## [Task goal]
With the pictures omitted, write out all of the listing exactly.

(Records begins)

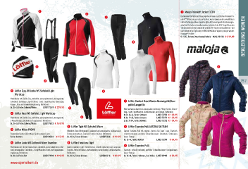 1 1 MalojaPrimaloftJacketELEEN 4 7 Die federleichte Multisport Kapuzenjacke mit einer zusätzlichen Premium Pri- maloft Wattierung aus extrem leichten, wasserabweisendem, winddichtem ® und hoch atmungsaktiven Superfne Nylon hat hervorragende Islolationseigen- schaften. Die Jacke ist wendbar und hat auf jeder Seite 2 RV-Eingriffstaschen -die Uni Seite hat eine zusätzliche vertikale RV-Tasche im Brustbereich -und kann sowohl in Uni Optik oder im MALOJA Marokko Fullprint getragen werden. ® Bluesign Product. Gr.S-XL,Farben:DeepOcean,Fuchsia MAL18132 € 219,00 Bekleidung woMen 9 3 1 2 157 1 LöfferZipp-OffJackeWSSoftshellLight 8 Worldcup Materialmix mit Double Dry, winddicht, wasserabweisend, atmungsaktiv, Colorblock, Stehkragen, Zip-Off-Ärmel, 2 seitl. Eingrifftaschen, Kontrastzip, 7 LöfferComfort-HoseWomenNormalgröße/Kurz- Kragen-, Arm-und Bundweitenregulierung, Refektoren. größe/Langgröße Gr.36-44,Farbe:Schwarz/Weiss LOE17249 € 239,95 5 Wind-und wasserabweisend, atmungsaktiv, isolierend, 4-Wege-Stretch, Schnee- 2 LöfferHoseWSSoftshellLightWorldcup fang, 2 seitl. Eingrifftaschen, Gürtelschlaufen, seitl. Beinzip, Refektoren. LOE17270 € 129,95 N:Gr.36-44,Farbe:Schwarz Materialmix mit Double Dry, winddicht, wasserabweisend, atmungsaktiv, 6 K:Gr.19-23,Farbe:Schwarz LOE17271 € 129,95 2-Wege-Beinzip, abnehmbares Trägersystem, Refektoren. L:Gr.72-84,Farbe:Schwarz LOE17272 € 139,95 Gr.36-44,Farbe:Schwarz/Weiss LOE17623 € 169,95 5 LöfferTightWSSoftshellWarm 8 LöfferTranstexPulliAUSTRIASKITEAM 3 LöfferMützePROMO Winddicht (Gore-Windstopper), isolierend und atmungsaktiv, Rückseite aus Damen Transtex-Pulli mit original „Austria Ski Team“ Logo. Elastisch, Formschöne leichte Löffer Mütze für den aktiven Läufer. Thermo-Innenvelours, Transtex-Futter im Rücken, Refektoren. schnell trocknend, perfekter Schweißtransport, Colorblock, Stehkragen, Farbe:Schwarz LOE18023 € 15,95 Gr.36-44,Farbe:Schwarz LOE07326 € 99,95 kurzer Frontzip. Gr.36-44,Farbe:Neutral LOE17299 € 69,95 4 LöfferJackeWSSoftshellWarmTeamline 6 LöfferFunktions-Tight Materialmix mit Thermo-Innenvelours, winddicht, wasserabweisend, isolie- Damen Funktions-Tight. Hochelastisch, schnell trocknend, innen angeraut, 9 LöfferTranstex-Pulli rend, atmungsaktiv, Colorblock, 2 Eingrifftaschen, Bund-und Kragenweiten- Transtex-Futter im Rücken-und Kniebereich, kurzer Beinzip, Schlüsseltasche, Elastisch, schnell trocknend, perfekter Schweißtransport, Umlegekragen, regulierung, Refektoren. Refektoren. kurzer Frontzip. Gr.36-44,Farbe:Rot LOE17198 € 199,95 Gr.36-44,Farbe:Schwarz LOE03216 € 89,95 Gr.36-48,Farben:Schwarz,Rot,Weiss LOE10990 € 59,95 www.sportalbert.de
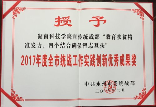 2月27日,中共永州市委将纪委、党办、组织、宣传、统战、政法等党务部门的工作会议合并召开。市委书记、市人大常委会主任李晖出席并讲话,市委副书记、市长赵应云主持会议,市委副书记、市委政法委书记唐湘林宣读表彰通报。世界杯官网荣获2017年度全市统战工作先进单位称号,全市统战工作首次纳入市委考核,世界杯官网首次获此殊荣。下午,全市统战部长会议在南华大酒店召开。世界杯官网宣传统战部“教育扶贫进准发力,四个结合确保智志双扶”获2017年度全市统战工作实践创新优秀成果奖。
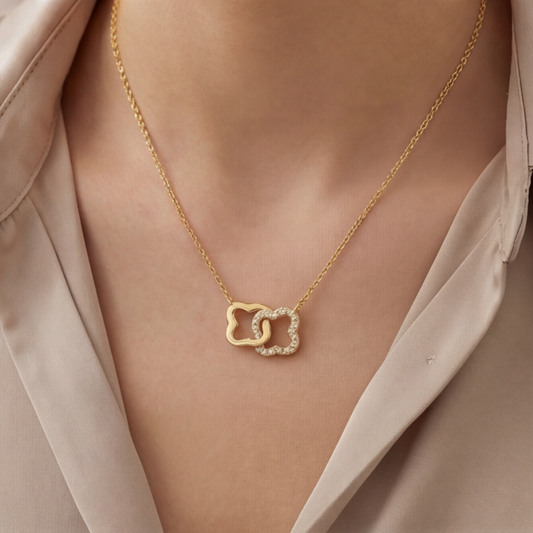 GOLDEN HEART & OVAL CHARM NECKLACE
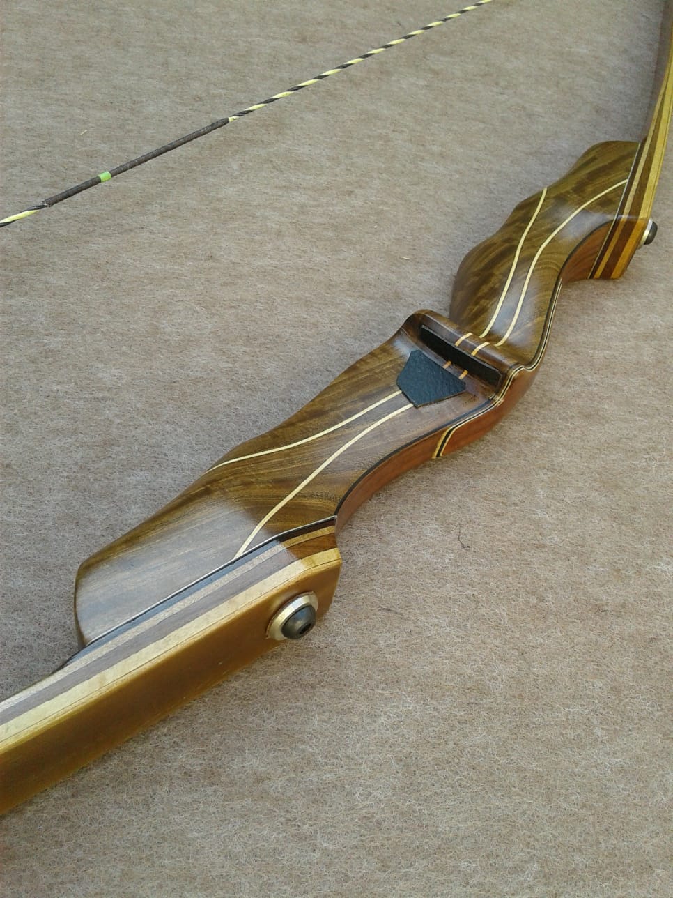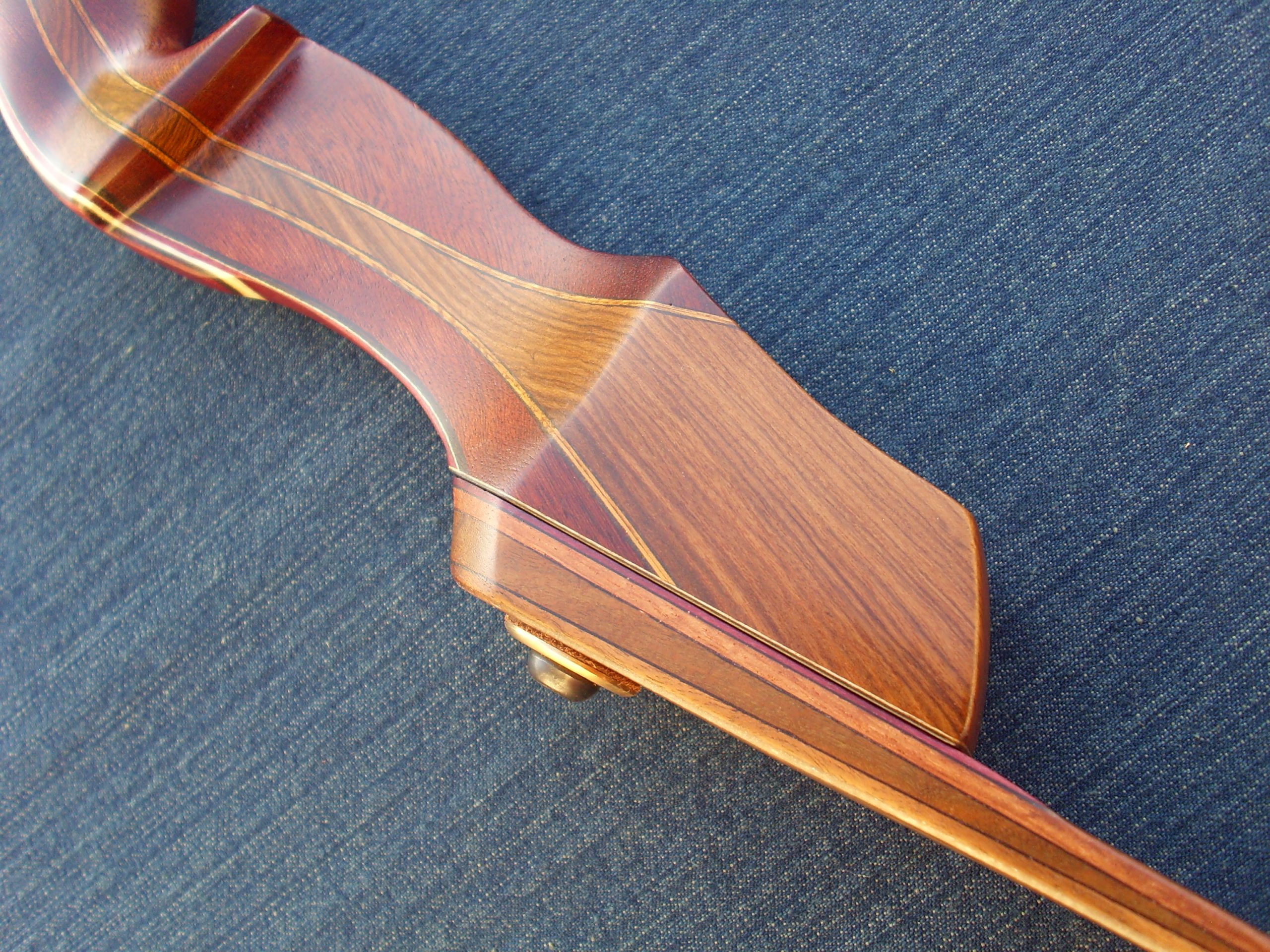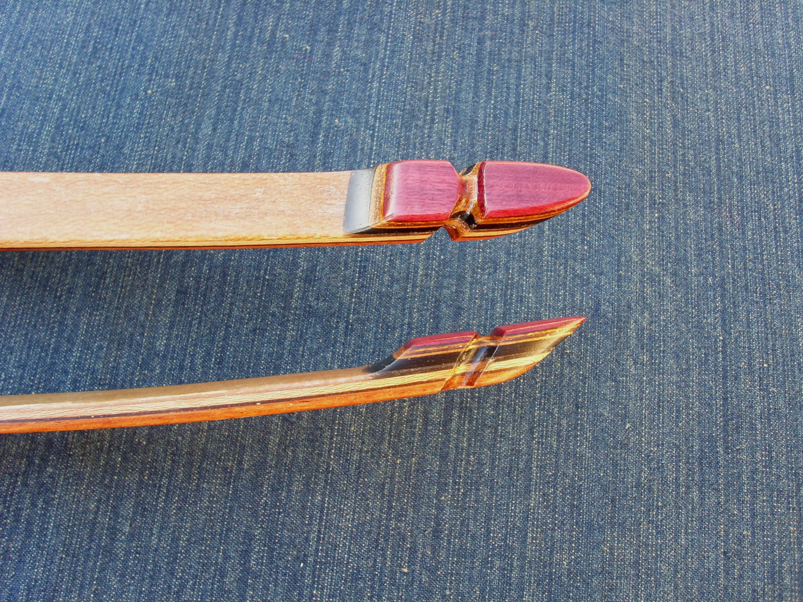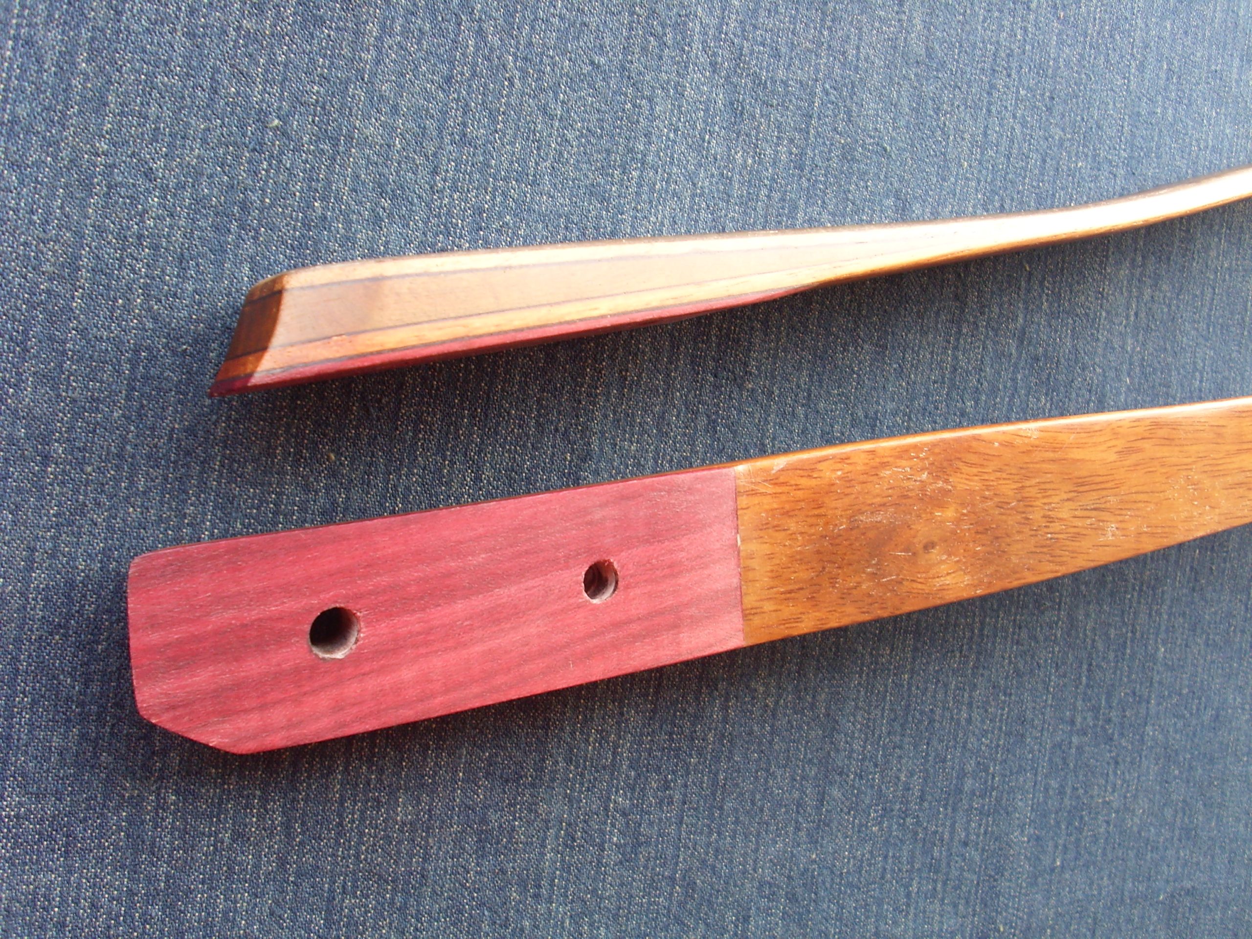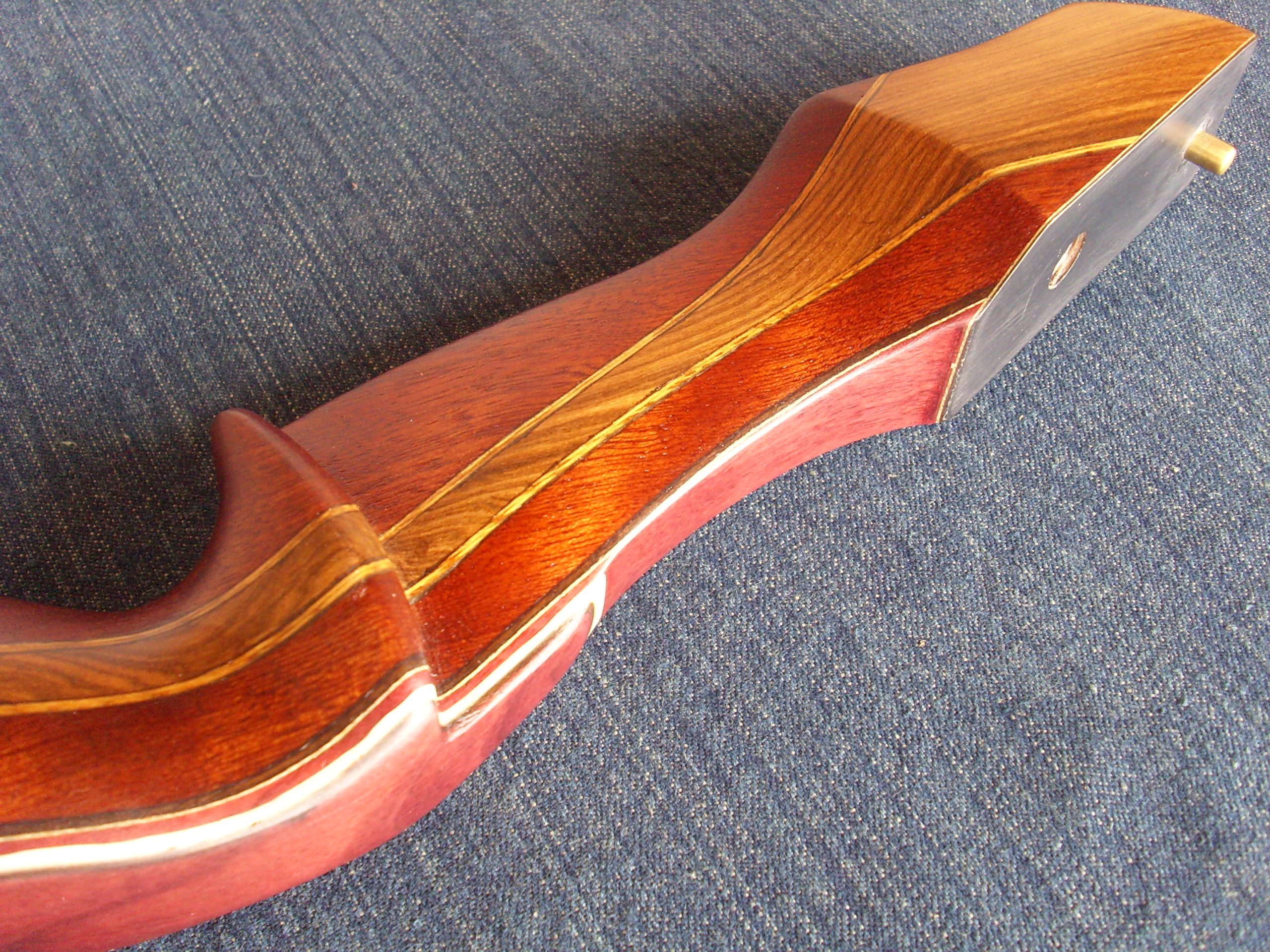 Palas: Se construyen con 3 láminas de madera, uno núcleo cónico principal, y el resto una anterior y posterior, mas la fibra de vidrio dependiendo de la potencia del arco que puede ser transparente o de color. También incorporan cuñas largas que con un desvanecimiento gradual para eliminar áreas de alta tensión y promover la longevidad. Tips bien reforzados en cara interna y externa.
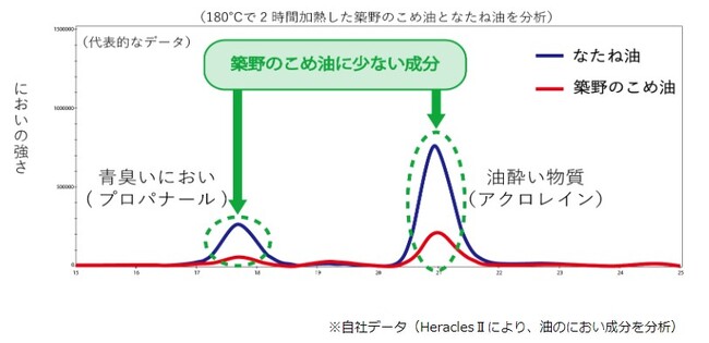 こめ油は油酔い物質と青臭いにおいの発生量が一般的なサラダ油と比較して少ないのが特徴です。揚げ物をすると周りに油のニオイが立ちこめて、気分が悪くなったり食欲がなくなったりする「油酔い」と言われる状態になります。こめ油はこれらの発生量が少ないので、快適に調理ができ、イヤなニオイが充満しにくいです。髪や服にもニオイがつきにくいので調理をしている方も快適です。

(Records ends)

## [Solution]
 1 1 MalojaPrimaloftJacketELEEN 4 7 Die federleichte Multisport Kapuzenjacke mit einer zusätzlichen Premium Pri- maloft Wattierung aus extrem leichten, wasserabweisendem, winddichtem ® und hoch atmungsaktiven Superfne Nylon hat hervorragende Islolationseigen- schaften. Die Jacke ist wendbar und hat auf jeder Seite 2 RV-Eingriffstaschen -die Uni Seite hat eine zusätzliche vertikale RV-Tasche im Brustbereich -und kann sowohl in Uni Optik oder im MALOJA Marokko Fullprint getragen werden. ® Bluesign Product. Gr.S-XL,Farben:DeepOcean,Fuchsia MAL18132 € 219,00 Bekleidung woMen 9 3 1 2 157 1 LöfferZipp-OffJackeWSSoftshellLight 8 Worldcup Materialmix mit Double Dry, winddicht, wasserabweisend, atmungsaktiv, Colorblock, Stehkragen, Zip-Off-Ärmel, 2 seitl. Eingrifftaschen, Kontrastzip, 7 LöfferComfort-HoseWomenNormalgröße/Kurz- Kragen-, Arm-und Bundweitenregulierung, Refektoren. größe/Langgröße Gr.36-44,Farbe:Schwarz/Weiss LOE17249 € 239,95 5 Wind-und wasserabweisend, atmungsaktiv, isolierend, 4-Wege-Stretch, Schnee- 2 LöfferHoseWSSoftshellLightWorldcup fang, 2 seitl. Eingrifftaschen, Gürtelschlaufen, seitl. Beinzip, Refektoren. LOE17270 € 129,95 N:Gr.36-44,Farbe:Schwarz Materialmix mit Double Dry, winddicht, wasserabweisend, atmungsaktiv, 6 K:Gr.19-23,Farbe:Schwarz LOE17271 € 129,95 2-Wege-Beinzip, abnehmbares Trägersystem, Refektoren. L:Gr.72-84,Farbe:Schwarz LOE17272 € 139,95 Gr.36-44,Farbe:Schwarz/Weiss LOE17623 € 169,95 5 LöfferTightWSSoftshellWarm 8 LöfferTranstexPulliAUSTRIASKITEAM 3 LöfferMützePROMO Winddicht (Gore-Windstopper), isolierend und atmungsaktiv, Rückseite aus Damen Transtex-Pulli mit original „Austria Ski Team“ Logo. Elastisch, Formschöne leichte Löffer Mütze für den aktiven Läufer. Thermo-Innenvelours, Transtex-Futter im Rücken, Refektoren. schnell trocknend, perfekter Schweißtransport, Colorblock, Stehkragen, Farbe:Schwarz LOE18023 € 15,95 Gr.36-44,Farbe:Schwarz LOE07326 € 99,95 kurzer Frontzip. Gr.36-44,Farbe:Neutral LOE17299 € 69,95 4 LöfferJackeWSSoftshellWarmTeamline 6 LöfferFunktions-Tight Materialmix mit Thermo-Innenvelours, winddicht, wasserabweisend, isolie- Damen Funktions-Tight. Hochelastisch, schnell trocknend, innen angeraut, 9 LöfferTranstex-Pulli rend, atmungsaktiv, Colorblock, 2 Eingrifftaschen, Bund-und Kragenweiten- Transtex-Futter im Rücken-und Kniebereich, kurzer Beinzip, Schlüsseltasche, Elastisch, schnell trocknend, perfekter Schweißtransport, Umlegekragen, regulierung, Refektoren. Refektoren. kurzer Frontzip. Gr.36-44,Farbe:Rot LOE17198 € 199,95 Gr.36-44,Farbe:Schwarz LOE03216 € 89,95 Gr.36-48,Farben:Schwarz,Rot,Weiss LOE10990 € 59,95 www.sportalbert.de
 2月27日,中共永州市委将纪委、党办、组织、宣传、统战、政法等党务部门的工作会议合并召开。市委书记、市人大常委会主任李晖出席并讲话,市委副书记、市长赵应云主持会议,市委副书记、市委政法委书记唐湘林宣读表彰通报。世界杯官网荣获2017年度全市统战工作先进单位称号,全市统战工作首次纳入市委考核,世界杯官网首次获此殊荣。下午,全市统战部长会议在南华大酒店召开。世界杯官网宣传统战部“教育扶贫进准发力,四个结合确保智志双扶”获2017年度全市统战工作实践创新优秀成果奖。
 GOLDEN HEART & OVAL CHARM NECKLACE
 Palas: Se construyen con 3 láminas de madera, uno núcleo cónico principal, y el resto una anterior y posterior, mas la fibra de vidrio dependiendo de la potencia del arco que puede ser transparente o de color. También incorporan cuñas largas que con un desvanecimiento gradual para eliminar áreas de alta tensión y promover la longevidad. Tips bien reforzados en cara interna y externa.
 こめ油は油酔い物質と青臭いにおいの発生量が一般的なサラダ油と比較して少ないのが特徴です。揚げ物をすると周りに油のニオイが立ちこめて、気分が悪くなったり食欲がなくなったりする「油酔い」と言われる状態になります。こめ油はこれらの発生量が少ないので、快適に調理ができ、イヤなニオイが充満しにくいです。髪や服にもニオイがつきにくいので調理をしている方も快適です。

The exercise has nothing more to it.